I folded out width from each of the pleats, as well as shortening the neckline between the bust and the shoulder.  The pattern has a separate front bodice lining piece, a luxe touch I appreciate in these designer patterns (this one is a Suzi Chin/Maggy Boutique), and so the lining needed to be separately altered.  The triple-pleat fashion-fabric bodice is on the left, and the double-darted lining is on the right.

Having worn the dress for a day, I realized I need to scoop some width out from the front armscye as it is digging into my arm.  This is likely to do with my forward shoulders/bad posture.

Broad Back Adjustment

On the back, I did my usual broad back and swayback adjustments as well as my fairly standard addition of a dart in the back neckline to prevent gaping from my forward head/bad posture.

This fabric was $1.99/yd from Fabric Mart, the special when I made the order.  I love the huge print and the colors, especially the little touches of orange.  I'm pretty sure it's a quilting cotton, though a good quality one.  As such, it is only 45" wide and I couldn't cut the front skirt the full width it was intended.  I cut the skirt as wide as I possibly could, but lost a pleat and about 10 inches of width.  The skirt is still plenty wide!



Interface Neckline of Fashion Fabric

Having learned my lesson on past projects that ended up with stretched out necks, I interfaced the fashion fabric and the lining at the neckline and armscyes.  The neckline feels firm and like it will stay in shape.

To make my quilting cotton a bit firmer I also interfaced the entire midriff.  This turned out to be a good decision.  Although I have totally adequate ease in the midriff (nearly 2 inches), the midriff has arrows radiating from the side seam toward the center.  When I lift up the neckline the arrows disappear, so I think they are due to the weight of the skirt on the midriff rather than the fit (good thing I didn't cut the front skirt in two pieces at the full width and make it even heavier!).  I imagine it would look even worse without the interfacing.  I'm not sure how to solve this problem in the future, except for just using lighter weight fabric so the skirt is not so heavy.

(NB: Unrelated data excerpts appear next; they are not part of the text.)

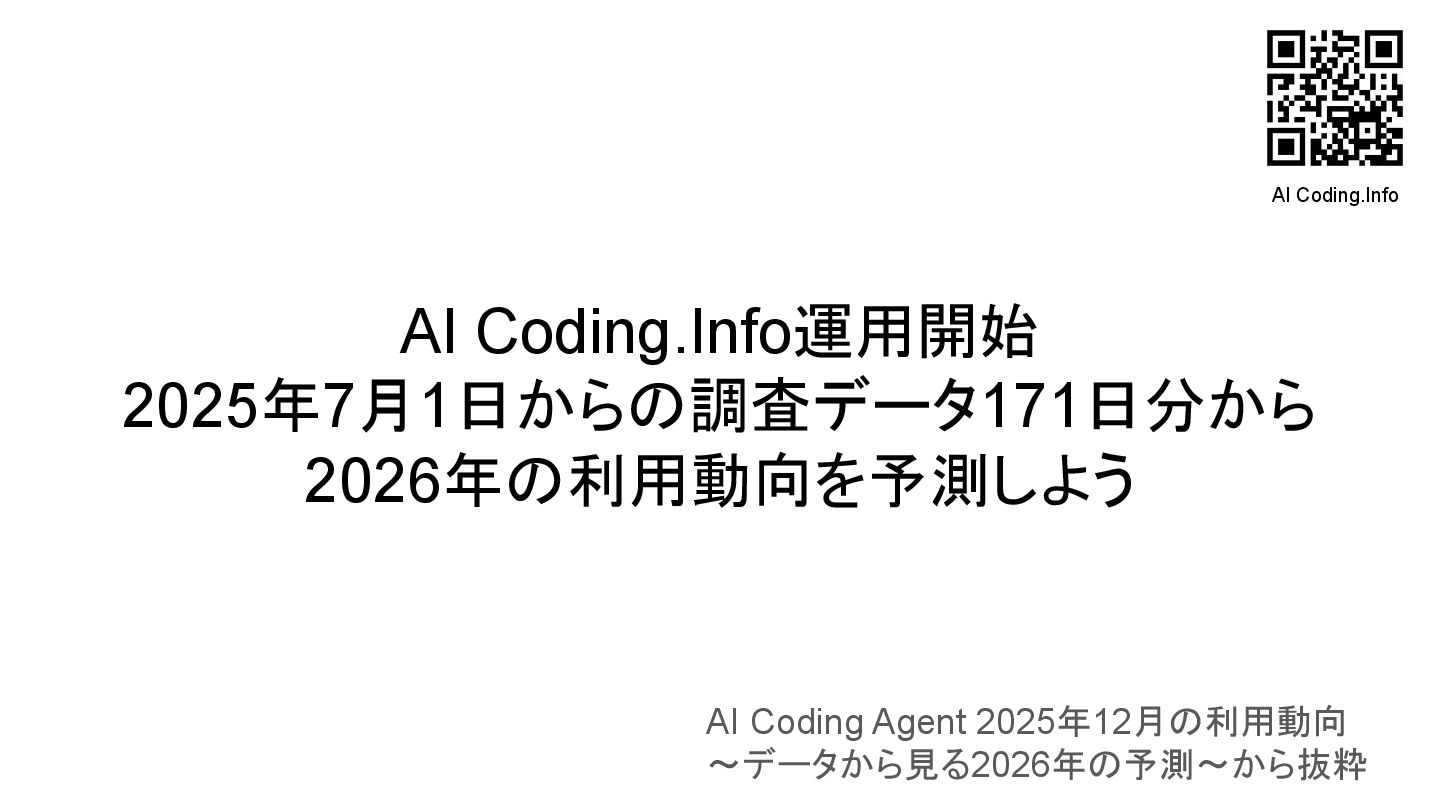 AI Coding.Info運用開始 2025年7月1日からの調査データ171日分から 2026年の利用動向を予測しよう AI Coding.Info AI Coding Agent 2025年12月の利用動向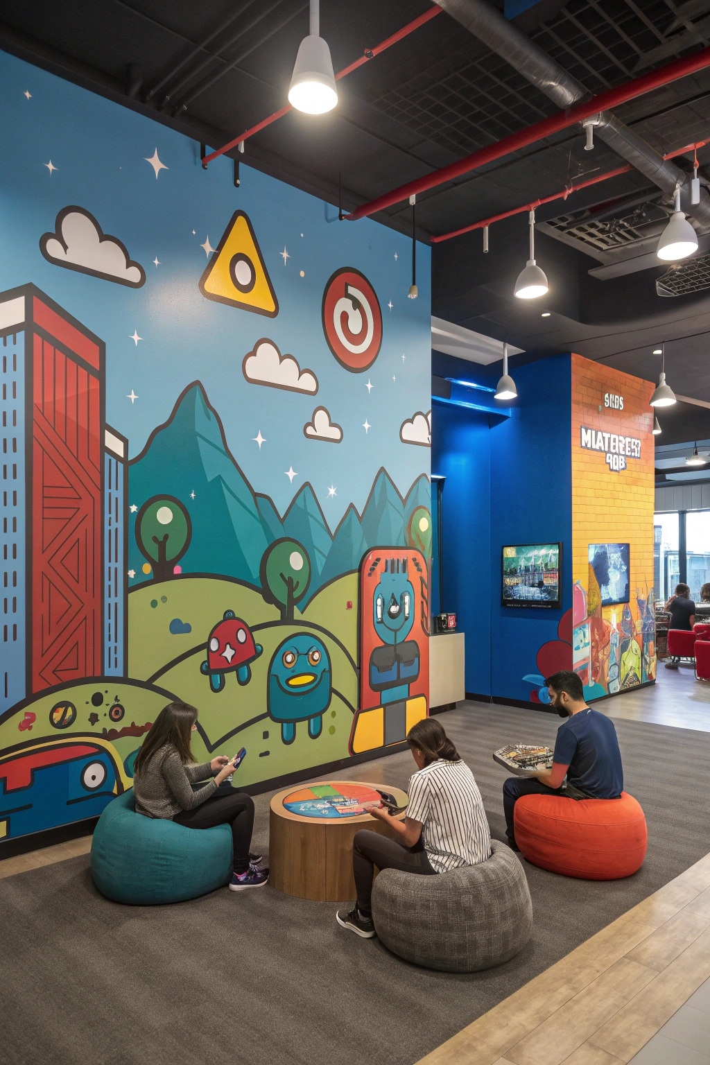 PinEnhancing your game lounge can go beyond furniture and decor; interactive wall murals can inject energy and personalization into your space. These murals invite creativity and fun, making them perfect for gatherings. Consider: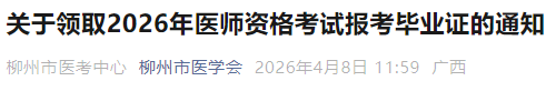 2026年4月13日起柳州市考点的考生可以领取2026年医师资格考试报考时所提交的毕业证,现就领取证书的具体事宜通知如下: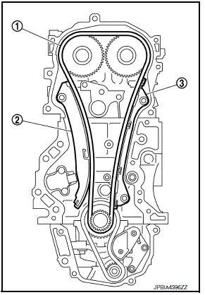 - Remove slack guide (2), tension guide (3) and timing chain (1).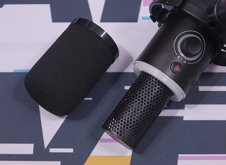 MAONO(마오노) PD200X 마이크를 살펴보면, 일단 색상은 블랙(Black)과 화이트(White) 2가지 색상으로 출시되었습니다. 그리고, 마이크에는 기본적으로 쇼크 마운트가 장착된 상태이죠. 쇼크 마운트까지 장착된 상태의 마이크 총 무게는 약 308g으로 USB/XLR 듀얼 모드 마이크 치고는 가벼운 편입니다. 그리고, 마이크의 캡슐(Capsule) 부분은 기본적으로 윈드 스크린(Wind Foam)이 장착된 상태인데, 끼우는 방식이라 쉽게 분리가 가능하고, 분리하면 내부 다이내믹 마이크 캡슐(Dynamic Mic Capsule)을 쉽게 확인할 수 있습니다. 그리고, 캡슐과 바디 경계 부분에는 RGB 조명효과를 볼 수 있게 디자인 처리 되어 있습니다.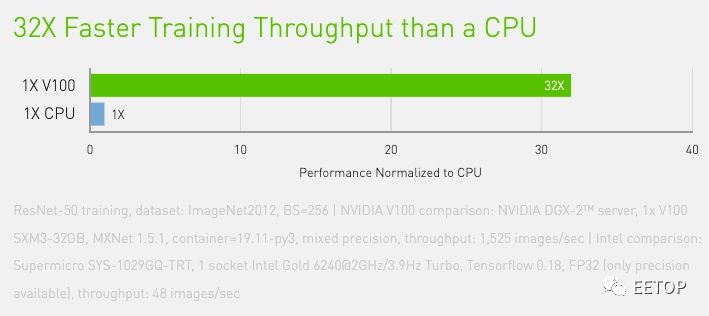 NVIDIA 宣称 V100 的训练吞吐量是普通 CPU 的 32 倍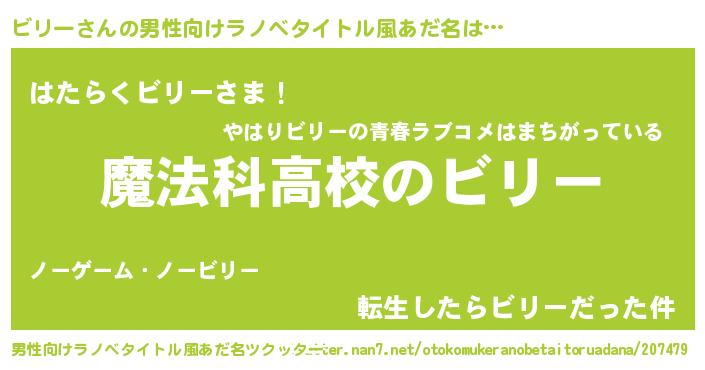 | 女子向けラノベタイトル風あだ名 | 『ビリーなんてお断りですっ。』 |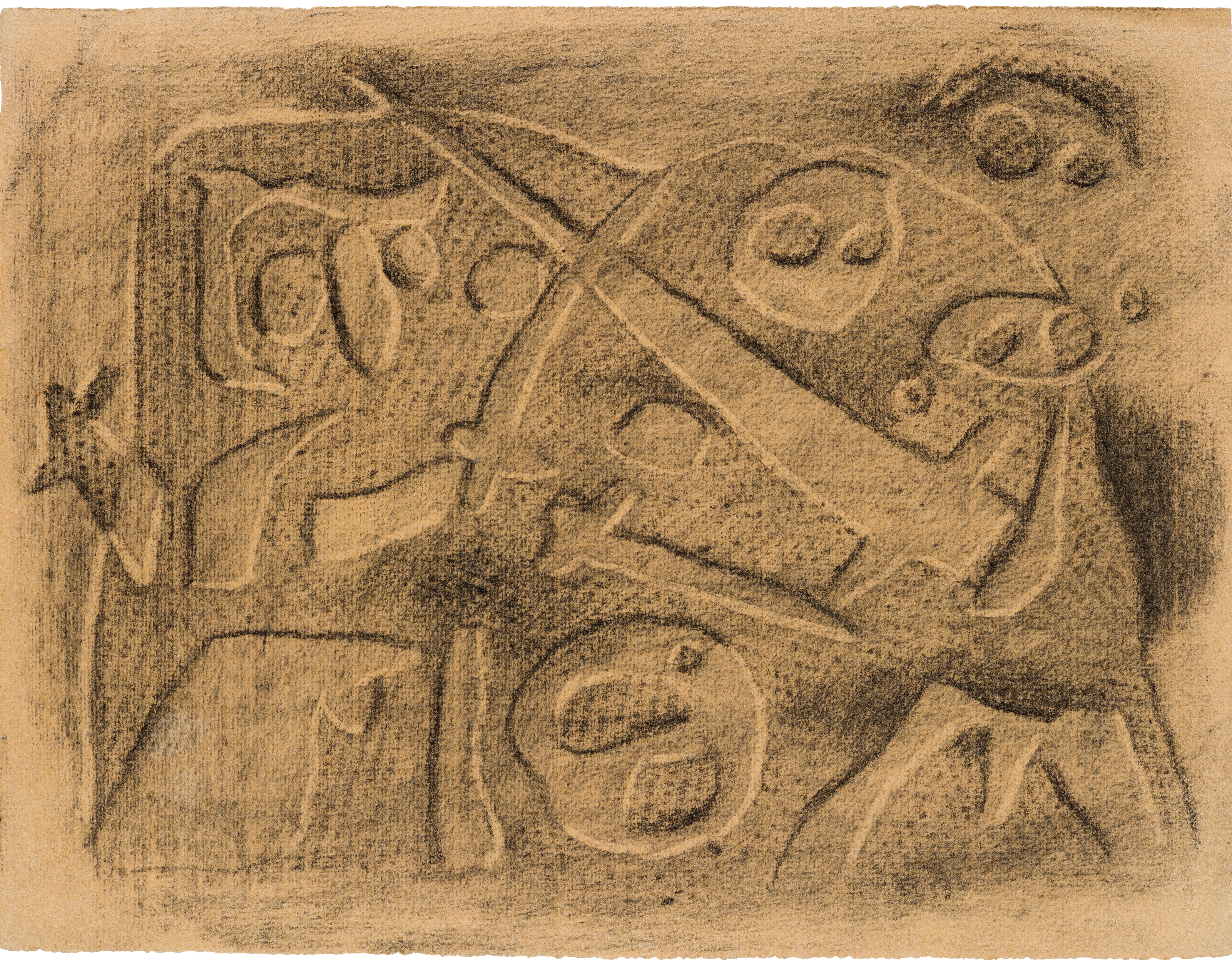 Kohle, gewischt, radiert, fixiert, auf mittelgelbem Ingres-Bütten mit Wz. l. u.: INGRES

Assembled Front and Back Separately

Because I'm a little out of practice in sewing the Big 4, I wasn't sure how this would fit.  To give myself maximum possible adjustability, I assembled the front and back as separate units (the front and back bodice need to be separate anyway to do an all-machine clean-finish lining) so I could adjust along the side seam on the bodice, midriff, and skirt as needed.  As it happens, apparently the sizing hasn't changed at Butterick, because it was perfect with the seam allowances as drafted (I cut an 8 at the shoulders/bust and a generous 10 at the waist).




Front Bodice Closeup





The final bodice fit is very good.  The bust fits well (though it definitely has ease) and is flattering.  I should have taken a tiny bit more length out of the front neckline, which sits away from the body a little bit.  The neckline is also surprisingly low, lower than conveyed on the model I think.  I might raise it up 1/2 inch next time.

With Hat



All in all, a fun sundress for our cool summer!  I had a little fun with pulling out one of my hats for a vintage style look.  With the width of the shoulder this would be easy enough to pop sleeves on for a Fall/Winter look, though I'd probably go with a less voluminous skirt rather than the wide pleated sundress look.

All photos are here and the pattern review is here.